Disks in the same box is the key to the whole problem. Getting everything to work together in one box is proving to be expensive and time consuming. Which makes sense, since shoving more disks into a box than it was supposed to support, plagues more than just me.

This article on wikipedia (http://en.wikipedia.org/wiki/Scalability#Scale_vertically) supports this and I intuitively understand why. Since nearly always making something more complex (e.g. adding more storage) requires more investment in some critical resource (e.g. time and ease of diagnosis). The trade off with networking nodes together (as described above, horizontal scaling) would be in access time and reliability. More links and interconnections with the storage medium, the more could go wrong and the more time it takes to access data. But for this sort of "data warehousing" I'm talking about, those drawbacks are less than fatal.
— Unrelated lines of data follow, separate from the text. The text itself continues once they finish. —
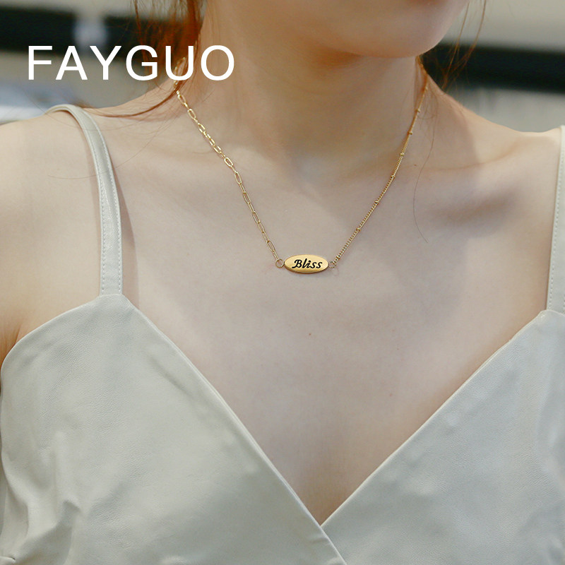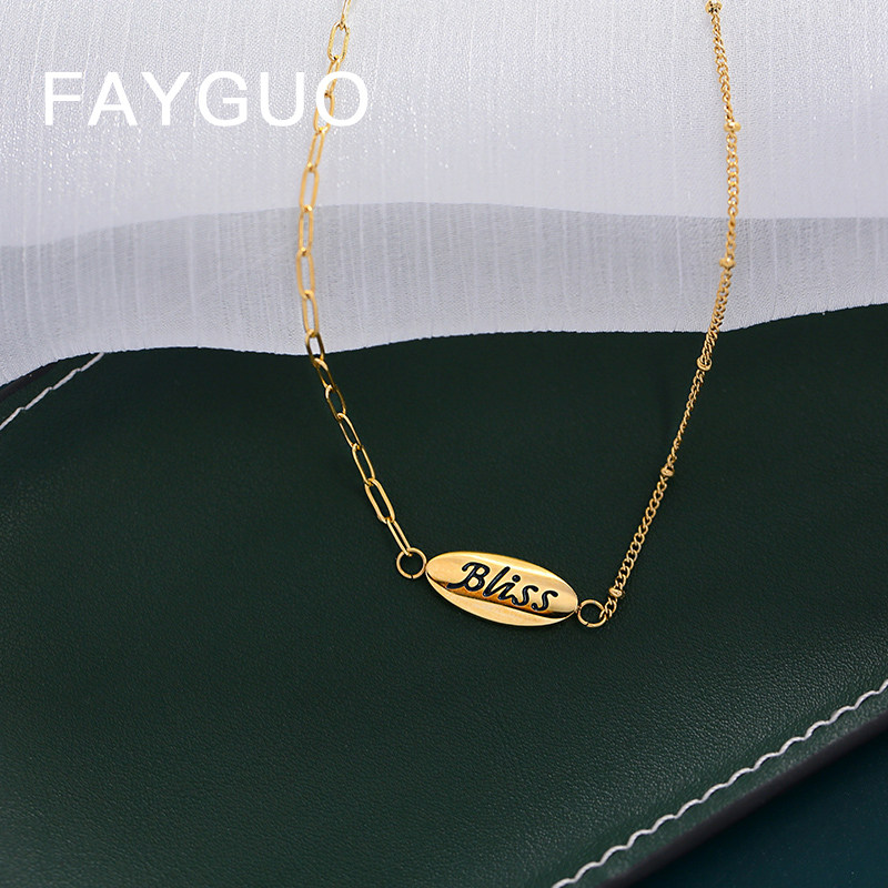 轻奢风Bliss字母项链女不掉色钛钢锁骨链小众设计ins冷淡风颈链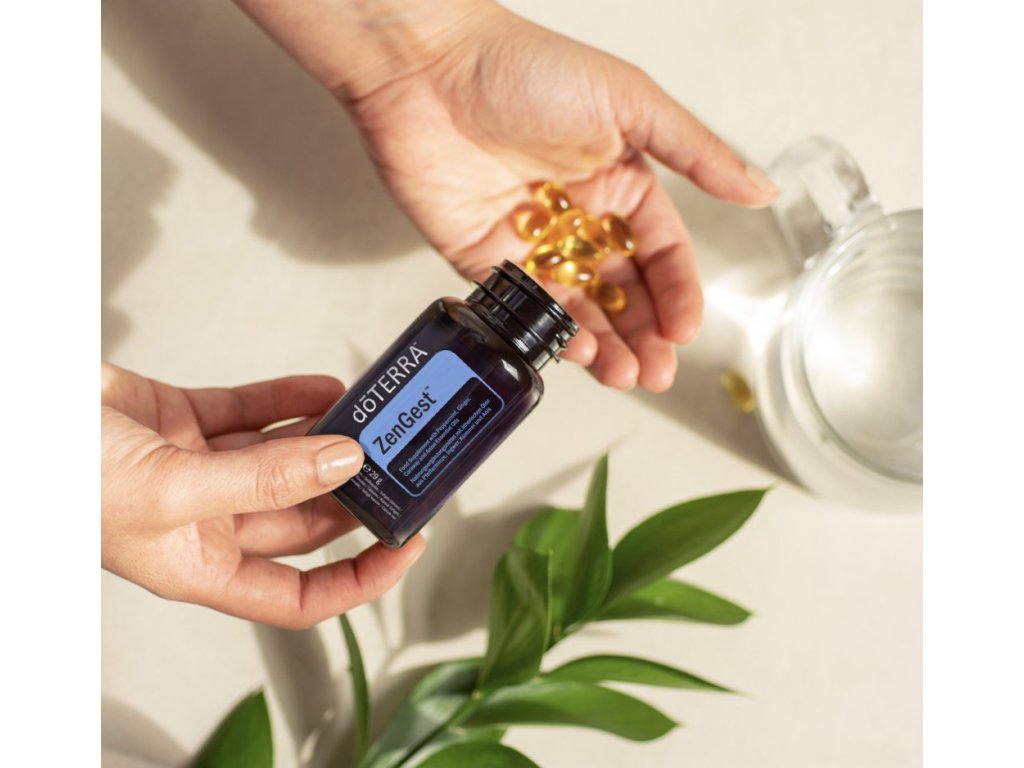 A doTERRA ZenGest lágyzselatin kapszula segít az emésztési zavarok enyhítésében, csökkenti a puffadást, támogatja az emésztőrendszer egészségét.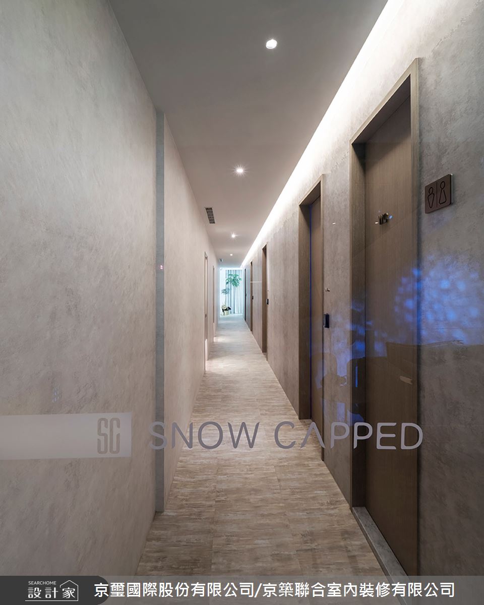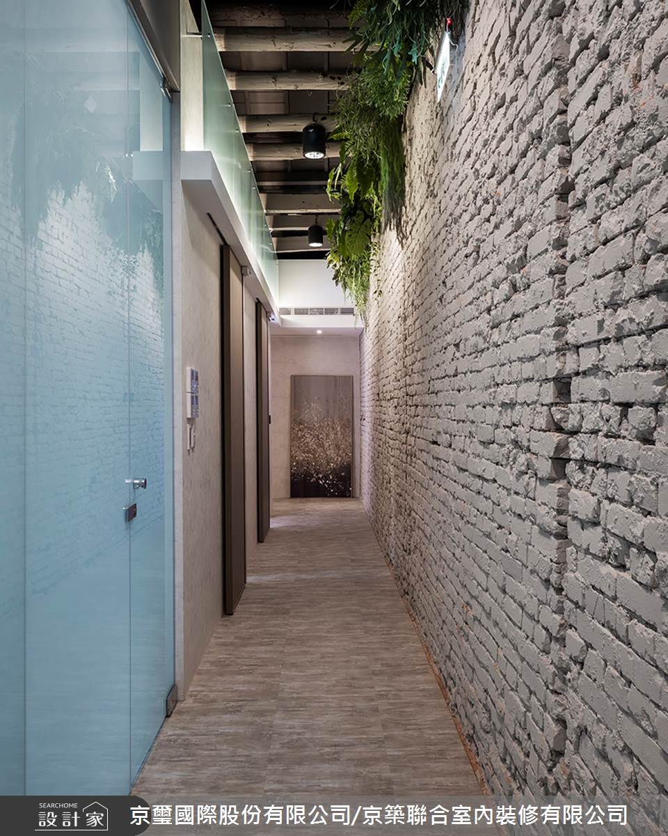 在串聯上下層的垂直動線,設計師選擇玻璃和石材的樓梯材質,創造輕重虛實對比的衝突美感。二樓廊道延續一樓白色主視覺,為賓客鋪排專屬的保養場域,帶來溫馨且別緻的奢華體驗。三樓則保留建築的原始磚牆,加上植栽與實木橫樑的妝點,表現新舊交織又充滿自然氛圍的鮮活魅力。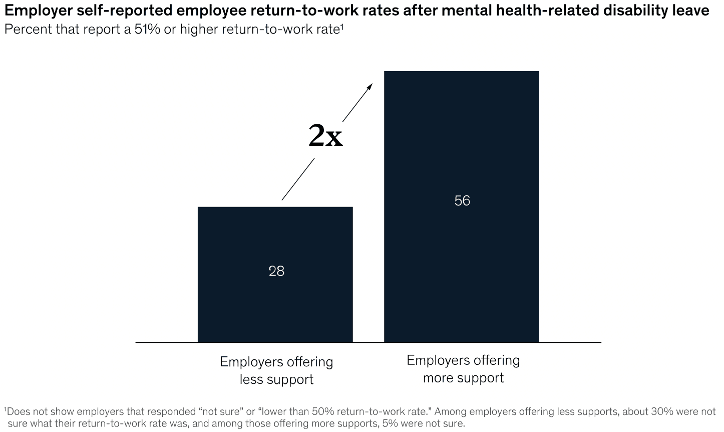Similarly, according to McKinsey & Company surveys, by the end of 2020, the rate of employees returning to work after a mental health-related disability is over 50% for employers who offer more mental health support compared to employers who offer less support.
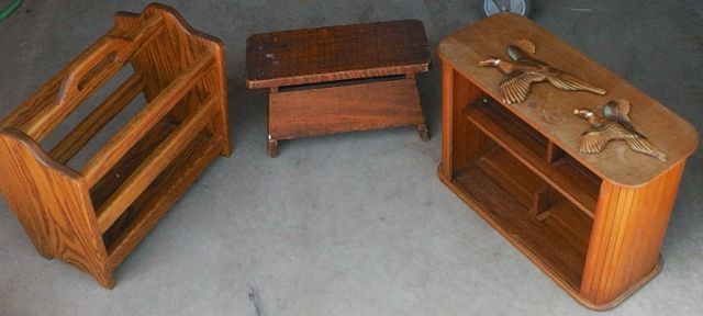 CD Shelf, Sm Step Stool, Magazine Rack, and 2 Wood Pheasants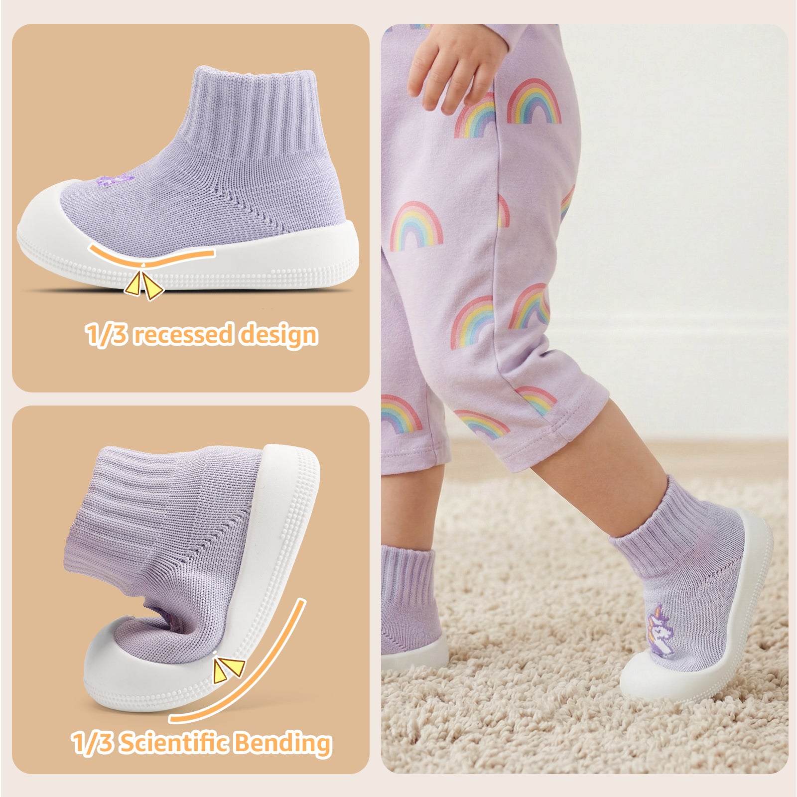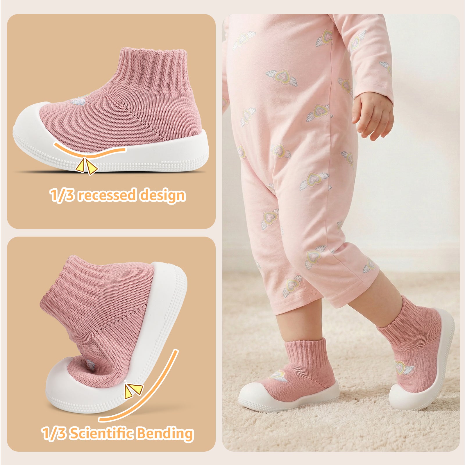 - Breathable: Baby walking sock shoes made of soft fabric knit, friendly to the skin, lightweight, soft and breathable, comfortable to wear all year round.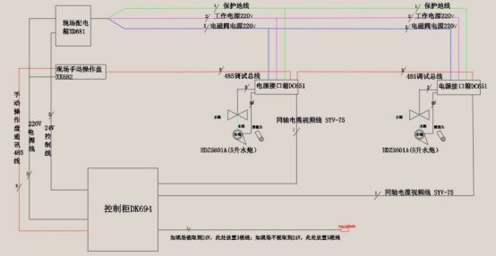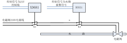 自動控制功能是通過控制滅火控制器24V控制線完成,24V控制線通過現(xiàn)場配電箱XD681對電磁閥電源線進(jìn)行控制而實(shí)現(xiàn)對電磁閥的控制。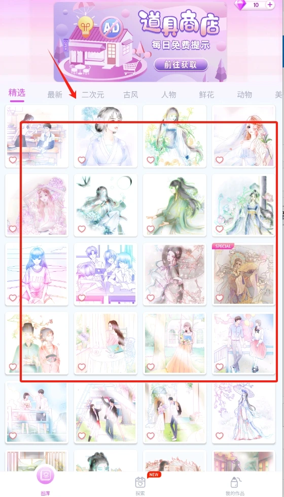 1、进入后浏览每日更新的图案库,挑选感兴趣的画板,即可开启涂色创作。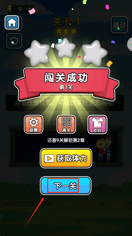 4、完成关卡后,点击“下一关”按钮,继续挑战。通关后。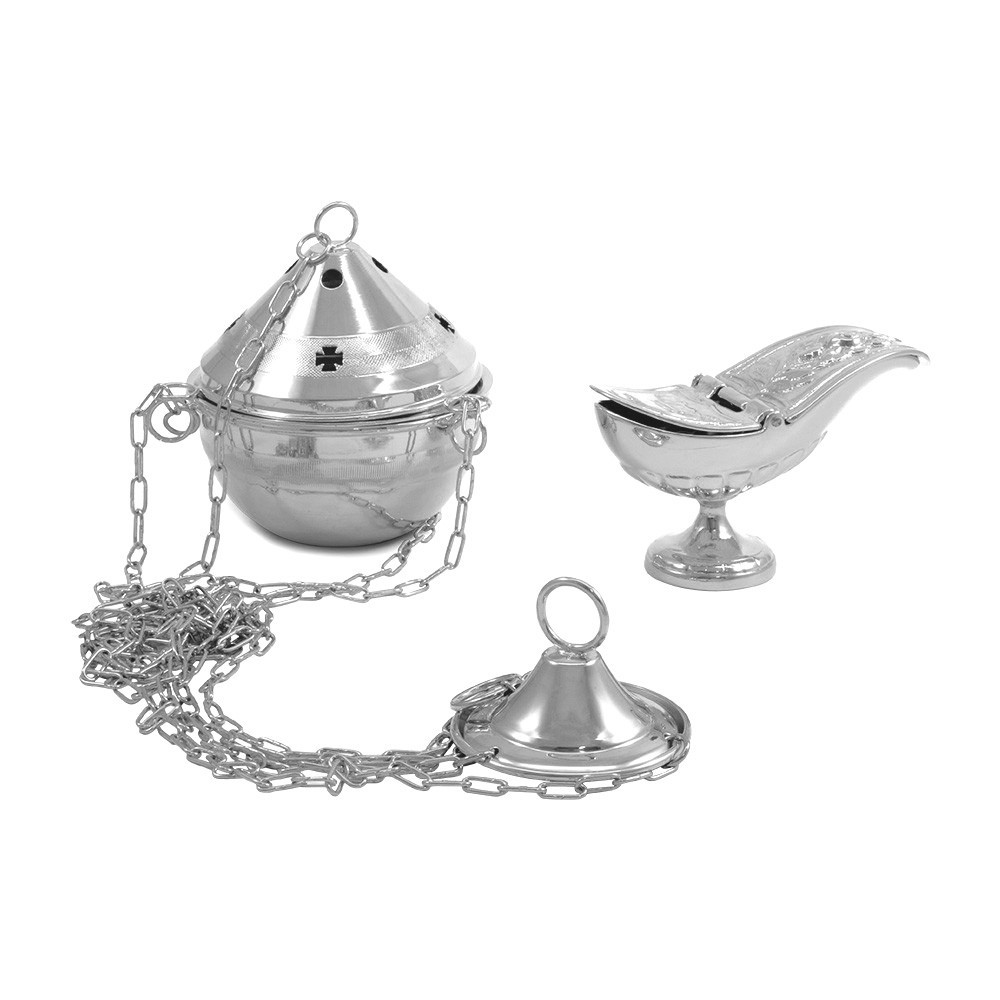 Thurible for incense complete with boat. Both items are entirely made of silver-plated brass. The lid has small holes which allow the dispersal of the scent

In fact the software used to tie all my little nodes together would be much simpler than for the same vertical solution; Or around there, I'm not sure where the optimal point is to switch between vertical and horizontal strategies. But for my setup and resources, it's well past the time.

Pontifex
June 4th, 2007, 09:10 PM
No SIL. It's a cheap but very popular SATA chipset which is pretty well supported by linux.


Never post at 3 am. I know that rule but ignored it in this case. So I missed this thing you said. I could use the SIL controllers, but unfortunatly none of the drives I'm using are SATA; On a side note not all of them are ATA 133!

Thanks though. I'll keep that in mind.

craigp84
June 5th, 2007, 08:48 AM
Just came across this: http://wiki.digitalbazaar.com/en/Starfish_Distributed_Filesystem

-c

Pontifex
June 5th, 2007, 08:53 PM
I checked them out. They look like a superior solution, but are they actually still existant? All I see from links from their wiki are 503's.